I saw these things called "magic heat" online (Amazon, Nothern Tool , etc) and they do make an 8" model (the size of my exhaust pipe) and for $150 it sems like a reasonable cost to pick one up and try it out. Very likely you guys already know what I'm talking about, but I've provided a link below to an Amazon.com page.

http://www.amazon.com/Magic-Heat-Reclaimer-Wood-Stove/dp/B0000AXEXE

So, good idea? Bad? Indifferent? My basement floor is a heated zone, but because it uses so much oil I don't leave it on unless I really have to, thus my basement is on the chilly side these days. A good shot of hot air into that room every time we use the shower, tub or dishwasher could make a significant difference for not much money in running costs.

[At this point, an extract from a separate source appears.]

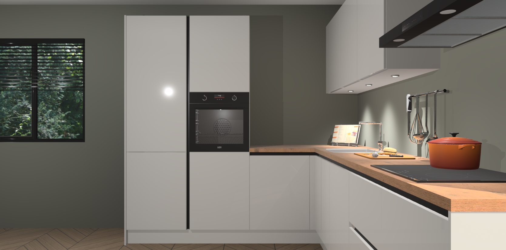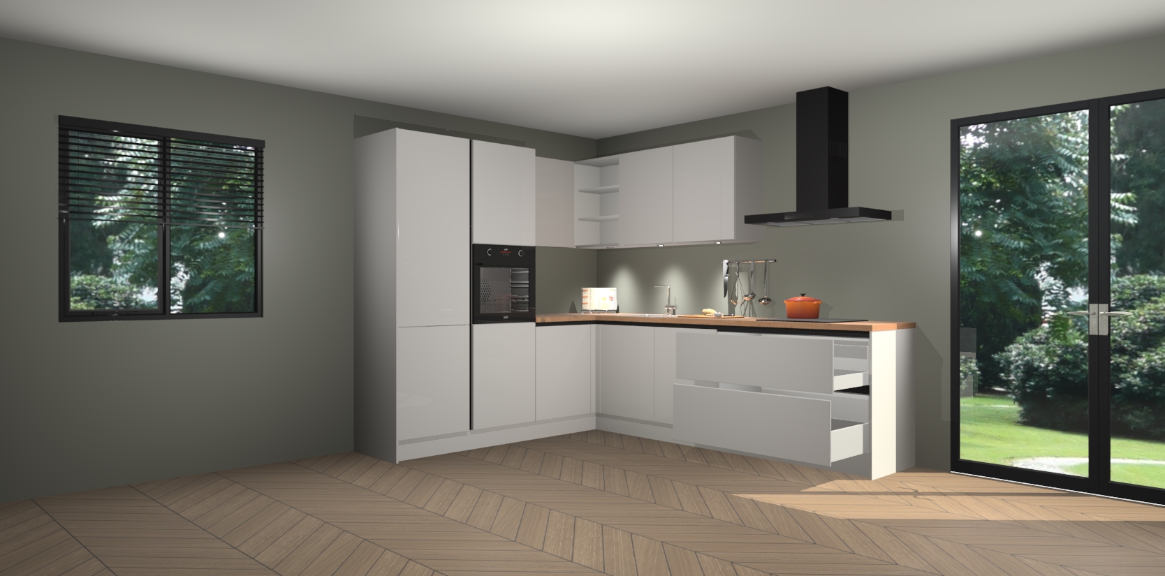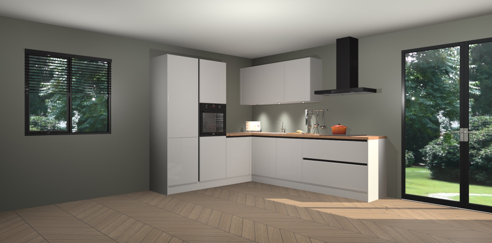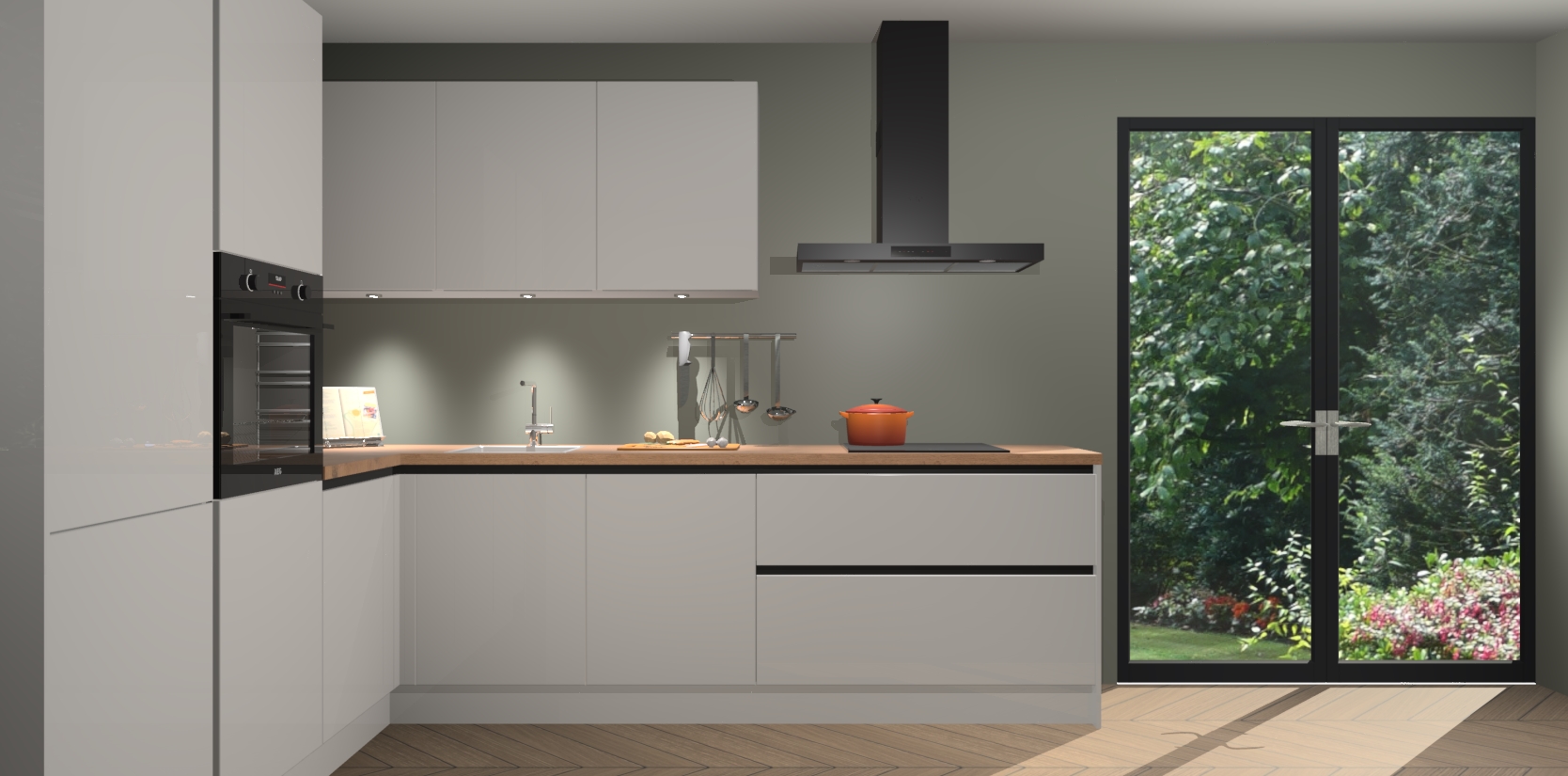 Maak kennis met de zijdegrijze hoogglans greeploze keuken Parla - de perfecte aanvulling voor uw moderne keuken! Ervaar tijdloos design, elegantie en een chique uitstraling met onze zwarte handgrepen, soft-close deuren en veel opbergruimte. Dit alles wordt aangeboden tegen een vaste lage prijs voor ongeëvenaarde Duitse keukenkwaliteit!

So what am I missing here? Whats the downside? Big soot collector thats likely to cause me problems down the road or maybe restrict my exhaust enough to throw my boiler out of whack?

Lastly, is this a DIY install or hsould I get my boiler guy to come in for it? I'm pretty handy, but not overly experienced with the boiler. Looks pretty straightforward...make an opening, splice it in, seal the edges with some goo and plug it into an outlet.
 
we had this type of setup in my fathers garage for many years, it was great at pushing out the heat. i would investigate the noise output on this if you are going to put it in your living space.
 
It would be in the basement which is not a living space for us, so the white noise of a fan wouldn't bother us...I'm assuming its not much more annoying than the powervent.
 
Dow N. Jones said:
powervent has to be adjusted via barometric damper tunig. to compensate for airloss from barometric sucking out cellar air, TJERNLUND makes a unit called INFORCER which blows in outdoor air as the powervent works. well tuned furnace + MAGIC HEAT = soot in magic heat + possible inefficient burn of furnace.

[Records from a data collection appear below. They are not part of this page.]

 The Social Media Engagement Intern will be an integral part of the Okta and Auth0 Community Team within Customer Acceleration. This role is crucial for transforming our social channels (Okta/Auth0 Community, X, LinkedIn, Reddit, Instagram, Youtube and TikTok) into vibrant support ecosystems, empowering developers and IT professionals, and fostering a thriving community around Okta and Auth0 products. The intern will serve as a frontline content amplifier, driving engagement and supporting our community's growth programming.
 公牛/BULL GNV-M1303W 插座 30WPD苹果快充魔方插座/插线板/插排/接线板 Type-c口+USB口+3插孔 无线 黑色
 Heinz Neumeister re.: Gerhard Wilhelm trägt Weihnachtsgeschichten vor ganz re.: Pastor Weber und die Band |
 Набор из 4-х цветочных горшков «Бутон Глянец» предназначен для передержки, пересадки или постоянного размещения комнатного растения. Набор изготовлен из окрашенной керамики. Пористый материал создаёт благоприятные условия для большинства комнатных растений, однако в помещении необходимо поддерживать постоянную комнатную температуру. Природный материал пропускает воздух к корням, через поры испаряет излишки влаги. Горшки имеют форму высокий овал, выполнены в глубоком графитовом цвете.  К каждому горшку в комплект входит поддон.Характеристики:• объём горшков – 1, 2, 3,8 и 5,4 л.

I'm not following you 100% here, but the impression I'm getting is a magic heat is liekly to cause me problems, yes?

I do not have an OAK for my boiler, but I've been considering one. The exhaust has a T in it and there is a large inlet flap on there. The flap opens inward and sucks air into the exhaust stream...I'm guessing this is the barometric damper? The flap is counterweighted so it only opens under significant pressure flowing outdoors.

It occurs to me that between the boiler combustiona dn this device on the exhaust, that I'm using an awful lot of air up from the inside of my house and in order to compensate for it, I'm sucking in a fair bit of cold air throught the little cracks and crevices all over the house, but probably mainly in the basement...contributing to my heat loss.

Is it possible to retun the powervent to accomodate the magic heat device? It just looks like asimple fan forced heat exchanger, so the exhaust gases are just passing through exchanger tubes and getting some heat sucked out of them. Would it be of benefit to install something like this either before or after the damper?

Sorry for the noob questions.

Thanks for the replies guys, keep em coming!
 
I have a Weil-McLain boiler that runs on natural gas and is direct vented out of my house. It is supposed to be 92% or 94% efficient (yeah right). I can hold my hand over the schedule 40 vent pipe and not get burnt though. I thought that to be direct vented the boiler had to be something like 85% or better? maybe the experts no the official number. Either way, if it is direct vent, I wonder how much more heat you really could extract?
 
The EPA sticker on my boiler says its around 85-87% efficient, but I cna tell you if I put my hand on the exhaust its way hotter than I can stand to touch. I should put a thermometer on it when it runs...I'd guess its proabbly well over 125 degrees on the outside of the pipe

I'm not sure if a powervent is the same thing as direct vent. Powervent is fan forced, is direct vent fan forced too or is it passive convection/draft?

Maybe this is the wrong formula, but I'm thinking if its 90% efficient and can produce uwards of 180,000btu, then I've got as much as 20,000btu going out the exhaust pipe. My powervent is about 6' off the ground and I can see grass under it year round because the vent melts enough snow to keep the ground exposed.